Biomedical text mining has become a thriving field because it proved its efficiency in a wide scope of application areas, such as the identification of biological entities in text,
1 assigning insurance codes to clinical records,
2 facilitating querying in biomedical databases,
3 etc. For a survey see Cohen and Hersh, 2005.
4 Discharge summaries offer a rich source of information for information extraction (IE) tasks, including classification. Several open challenges have been announced in this field: automated assignments of insurance codes to radiology reports
5 and smoking status identification task.
6 The processing of textual medical records like discharge summaries facilitates medical studies by providing statistically relevant data for analysis. Analysis of a particular disease and its comorbidities on sets of patients is an example of this. The findings drawn from connections observed between elements of a set of diseases are of key importance in treatment and prevention issues.
In this paper we present results on the i2b2 Obesity Challenge shared task, which is a multiclass multilabel classification task focused on obesity and its 15 most common comorbidities (termed
diseases). For each document, the task was to assign for each disease one of the following semantic labels: present, absent, questionable, or unmentioned (full description in Uzuner
7 ).
The problem of the Obesity Challenge is an atypical, two-dimensional classification problem with disease and semantic dimensions.

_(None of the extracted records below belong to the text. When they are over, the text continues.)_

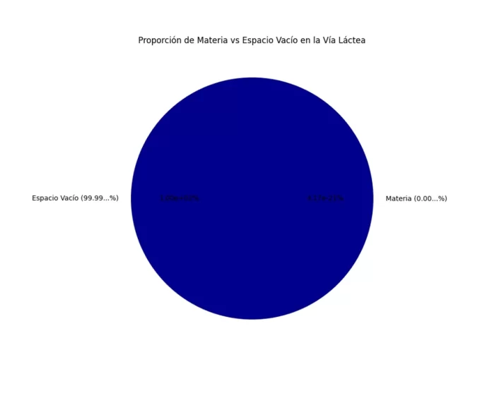 La densidad de la materia en la Vía Láctea es extremadamente baja. Para entender esto, consideremos el siguiente dato: en un año luz cúbico, que es un volumen de espacio de aproximadamente 9.461 billones de kilómetros cúbicos, cabe el volumen cúbico total de todas las estrellas de la Vía Láctea. No solo una vez, sino que en un solo año luz cúbico caben todas las estrellas de 3.000 millones de Vías Lácteas. Esto significa que la materia en la Vía Láctea existe a una razón de 1 parte por cada 24 sextillones de espacio vacío, o 1 parte por cada 24.000.000.000.000.000.000.000. Esta densidad es tan baja que, en términos de volumen, la materia es prácticamente inexistente en comparación con el vacío.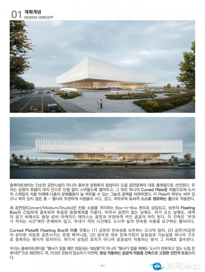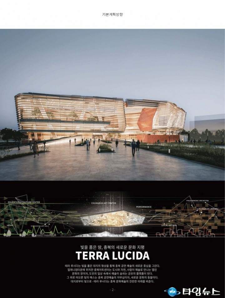 [충북타임뉴스=한정순 기자] 충청북도가 충북아트센터 건립의 본격적인 추진을 알리는 ‘충북아트센터 기획디자인 국제공모 공개포럼’을 11일 도청 대회의실에서 개최했다. 이번 포럼은 올해 6월부터 10월까지 진행된 국제 설계공모를 통해 선정된 5개 당선작을 도민에게 처음으로 공개하고, 사업 추진 현황과 향후 계획을 공유하기 위해 마련됐다.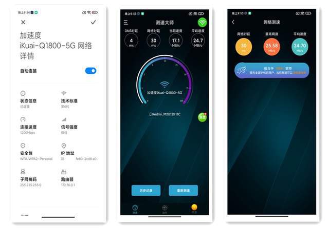 经测试这款IK-Q1800路由器WIFI连接速度达到了1200Mbps,100M的正常宽带也能跑出几乎“满血”的水平,确实比较优秀。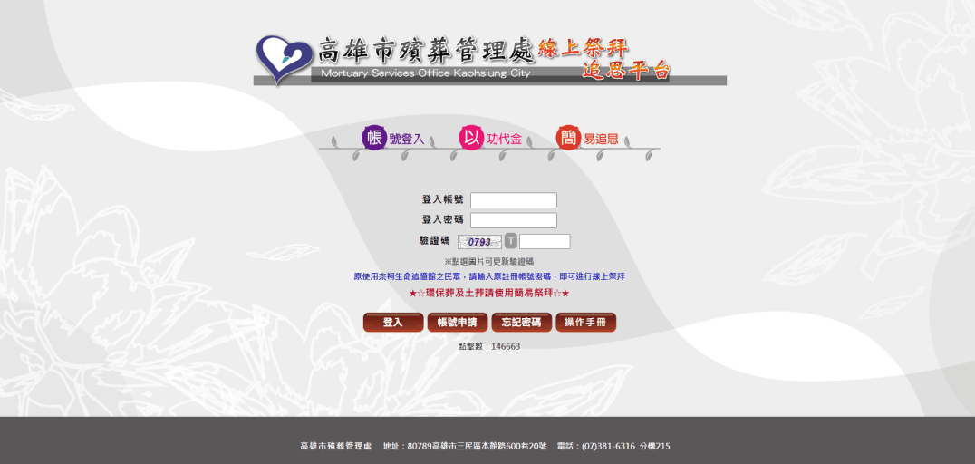 遺骨再化(市民免費,外縣市3,000元) 骨灰研磨(市民免費,外縣市300元) 公墓內墳墓清潔費(5,000元) |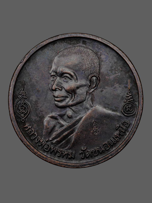 เหรียญกลมหลังยันต์เกราะเพชร หลวงพ่อพรหม วัดขนอนเหนือ ปี 2529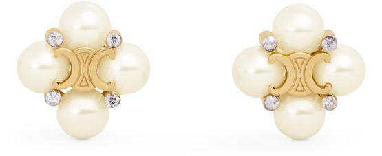 CELINELes Perles Celine Studs in Strass, Resin Pearls and Brass with Gold Finish

The top 10 solutions are dominated by rule-based systems, while, interestingly, no machine learning based approach can be found among them (see the survey of Uzuner
7 and the online only version available at
www.jamia.org).
Rule-based text classifiers (aka
expert systems) were widespread (see, e.g., Hayes et al
8 ) before the steady growth of computational capacity made machine learning approaches more popular. The rule-based approach is often criticized due to the knowledge acquisition bottleneck (Sebastiani
9 ). That is, each rule must be manually created, and the portability and flexibility of such systems are often very limited. These concerns are valid at categorization problems, where the rules are domain-dependent and the semantics of categories may shift. However, if the expert knowledge is available in knowledge bases (such as ontologies, typical for the biomedical domain), and the rules can be generated automatically, the overhead of manual processing can be minimized to error analysis. Consequently, expert and rule-based systems are often applied for different problems on medical domain (see, e.g., Zeng et al
10 and Chi et al
11 ).
In the medical field, there is a growing need for interactive systems; however, the challenge did not address this aspect. Health experts usually do not trust a system that acts like a black-box, but instead they want to verify the evidences that support the decision made. Our system is transparent for humans, while a system that is using sophisticated and, hence, not easy-to-understand machine learning techniques may require additional efforts to achieve this goal.
Next we describe our context-aware rule-based classifier, present its performance on the i2b2 Obesity Challenge, and briefly discuss the results and lessons learnt from our study. For the community, we provide an online appendix to this paper (available as an online data supplement at
www.jamia.org) and on-line demo (available at
categorizer.tmit.bme.hu/~illes/i2b2/obesity_demo).